• What needs to be done: Restate the entries below exactly, and keep all images out of the answer.

• Extracted records:
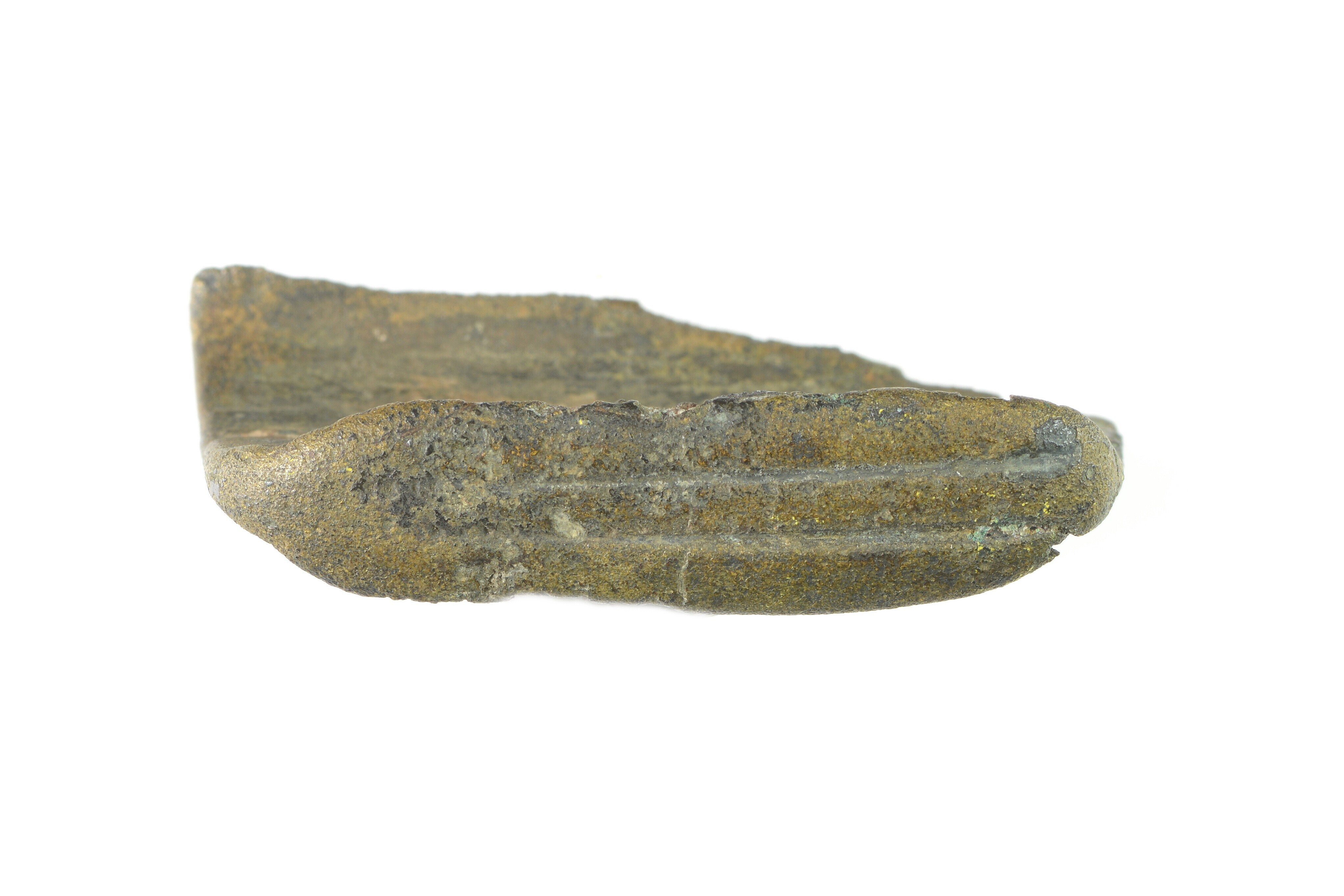 Strigilis (mogelijk beslag?); randfragment met lijnversiering
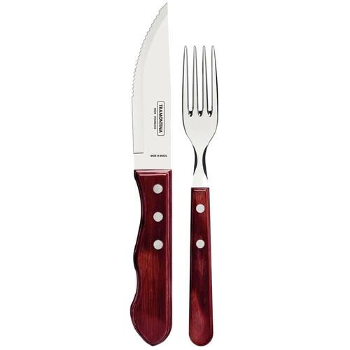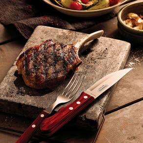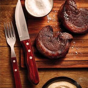 Informações Gerais: - Lâminas de aço inox. - As lâminas das facas têm maior durabilidade do fio devido ao tratamento térmico. - As lâminas dos garfos contam com maior espessura e uma estampagem do aço que garante maior resistência, evitando deformações. - Os cabos de madeira tratada Polywood são resistentes à impactos e alta temperaturas garantindo maior resistência e durabilidade. - Rebites de alumínio. - Podem ir à máquina de lavar louças facilitando seu dia a dia.
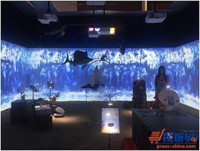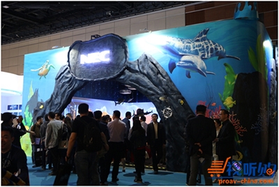 此次IFC展会期间,NEC与鸿合科技别出心裁的将整个展厅做成了“海底世界”,吸引众多现场观众驻足观看。由6台NEC最新PA系列液晶工程投影机通过融合技术,创造出超大无缝的沉寖式三折幕逼真画面,让视野更宽,更具冲击力和真实感,并配合贝壳、细沙等实物元素,使观众在高质量的视听环境包围之中,产生身临其境的感觉,如同置身于炫彩缤纷的海底世界。
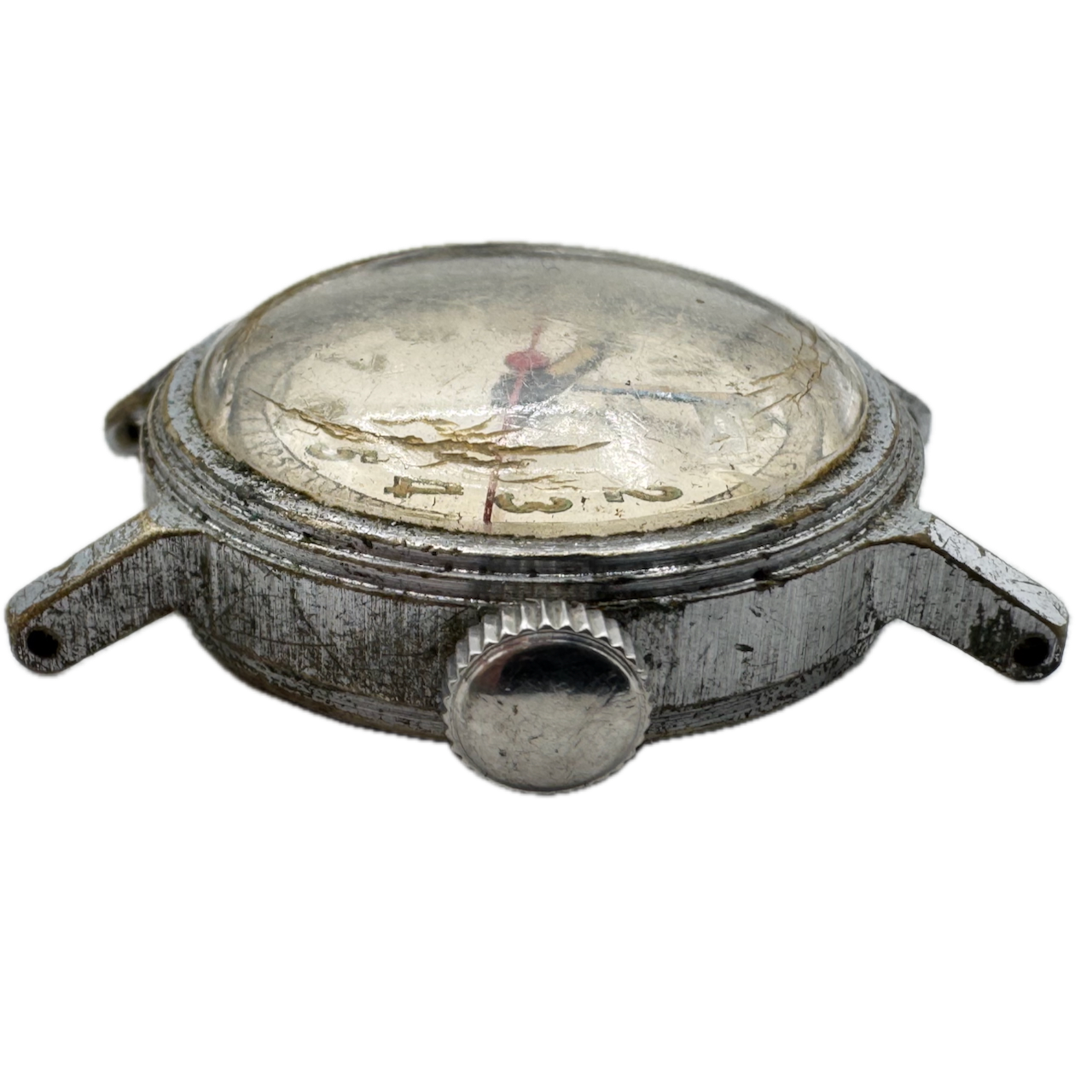 Vintage Oris Military Style Men's Mechanical Wristwatch 292 Swiss Chrome Plated Product Description Item: Wristwatch Brand: Oris Model: Military Style Movement: Mechanical Case Material: Chrome Plated Country: Swiss Gender: Men's Caliber: 292 Size: 28.5mm Product Measurements Diameter: 28.5mm Width: FALSEmm Lug Width: 16mm Lug to Lug: 36mm Thickness: 11 mm Product Condition Overall Condition: Poor, overall condition for its age. Functions: Not running but the balance complete is in good condition. Case: There is plating wear through and scratches on the case. Crystal: The crystal is cracked. Dial: The dial has scratches and discoloration. Crown: The crown is worn. Hands: There is discoloration on the hands.
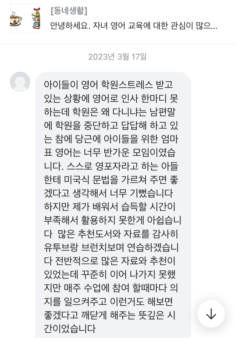 매주 꾸준히 오시는 엄마들의 수가 늘었고, 감사의 메시지를 보내시는 분들도 계셨다. 나의 배움이 남에게 도움이 될 수 있음을 실질적으로 느꼈다. 그리고 무엇보다 이번 프로젝트는 나의 작은 구슬들을 꿰어 볼 수 있는 좋은 경험이었다.
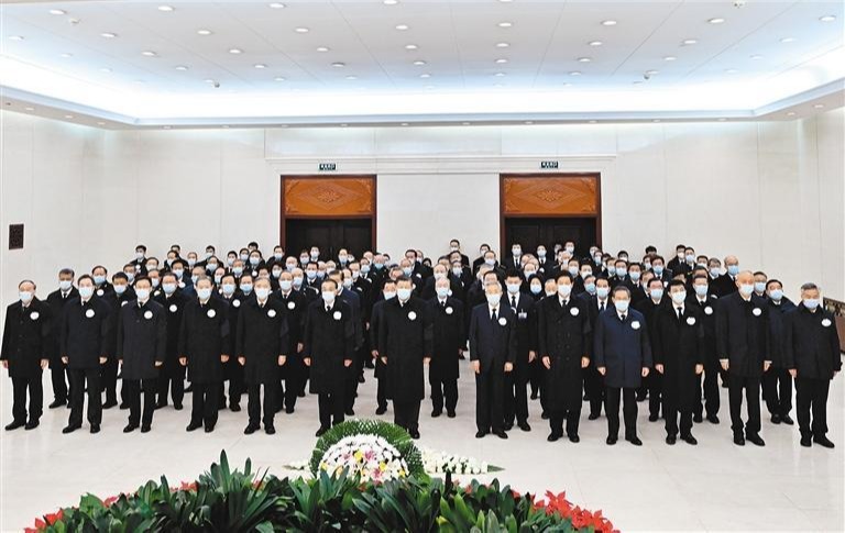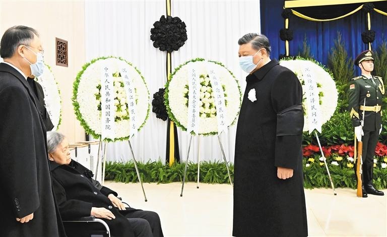 12月5日,江泽民同志的遗体在北京火化。这是习近平、李克强、栗战书、汪洋、李强、赵乐际、王沪宁、韩正、蔡奇、丁薛祥、李希、王岐山、胡锦涛等到中国人民解放军总医院为江泽民同志送别。
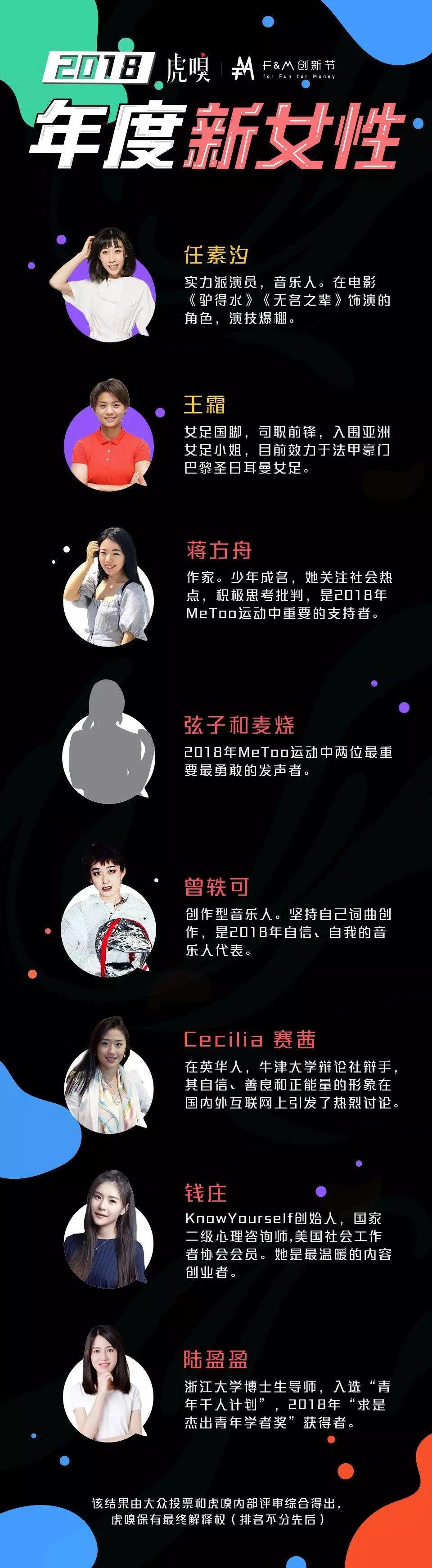 我们知道,正在努力的新女性远远不止上述诸位。只是在2018年,这些获奖者,以及入选者的努力,已经造成了不俗的社会影响。未来在女性身份的重新定义与进一步阐释上,我们希望能看到更多不同职业、不同领域的女性,贡献自己的力量。

• Your solution:
 Strigilis (mogelijk beslag?); randfragment met lijnversiering
 Informações Gerais: - Lâminas de aço inox. - As lâminas das facas têm maior durabilidade do fio devido ao tratamento térmico. - As lâminas dos garfos contam com maior espessura e uma estampagem do aço que garante maior resistência, evitando deformações. - Os cabos de madeira tratada Polywood são resistentes à impactos e alta temperaturas garantindo maior resistência e durabilidade. - Rebites de alumínio. - Podem ir à máquina de lavar louças facilitando seu dia a dia.
 此次IFC展会期间,NEC与鸿合科技别出心裁的将整个展厅做成了“海底世界”,吸引众多现场观众驻足观看。由6台NEC最新PA系列液晶工程投影机通过融合技术,创造出超大无缝的沉寖式三折幕逼真画面,让视野更宽,更具冲击力和真实感,并配合贝壳、细沙等实物元素,使观众在高质量的视听环境包围之中,产生身临其境的感觉,如同置身于炫彩缤纷的海底世界。
 Vintage Oris Military Style Men's Mechanical Wristwatch 292 Swiss Chrome Plated Product Description Item: Wristwatch Brand: Oris Model: Military Style Movement: Mechanical Case Material: Chrome Plated Country: Swiss Gender: Men's Caliber: 292 Size: 28.5mm Product Measurements Diameter: 28.5mm Width: FALSEmm Lug Width: 16mm Lug to Lug: 36mm Thickness: 11 mm Product Condition Overall Condition: Poor, overall condition for its age. Functions: Not running but the balance complete is in good condition. Case: There is plating wear through and scratches on the case. Crystal: The crystal is cracked. Dial: The dial has scratches and discoloration. Crown: The crown is worn. Hands: There is discoloration on the hands.
 매주 꾸준히 오시는 엄마들의 수가 늘었고, 감사의 메시지를 보내시는 분들도 계셨다. 나의 배움이 남에게 도움이 될 수 있음을 실질적으로 느꼈다. 그리고 무엇보다 이번 프로젝트는 나의 작은 구슬들을 꿰어 볼 수 있는 좋은 경험이었다.
 12月5日,江泽民同志的遗体在北京火化。这是习近平、李克强、栗战书、汪洋、李强、赵乐际、王沪宁、韩正、蔡奇、丁薛祥、李希、王岐山、胡锦涛等到中国人民解放军总医院为江泽民同志送别。
 我们知道,正在努力的新女性远远不止上述诸位。只是在2018年,这些获奖者,以及入选者的努力,已经造成了不俗的社会影响。未来在女性身份的重新定义与进一步阐释上,我们希望能看到更多不同职业、不同领域的女性,贡献自己的力量。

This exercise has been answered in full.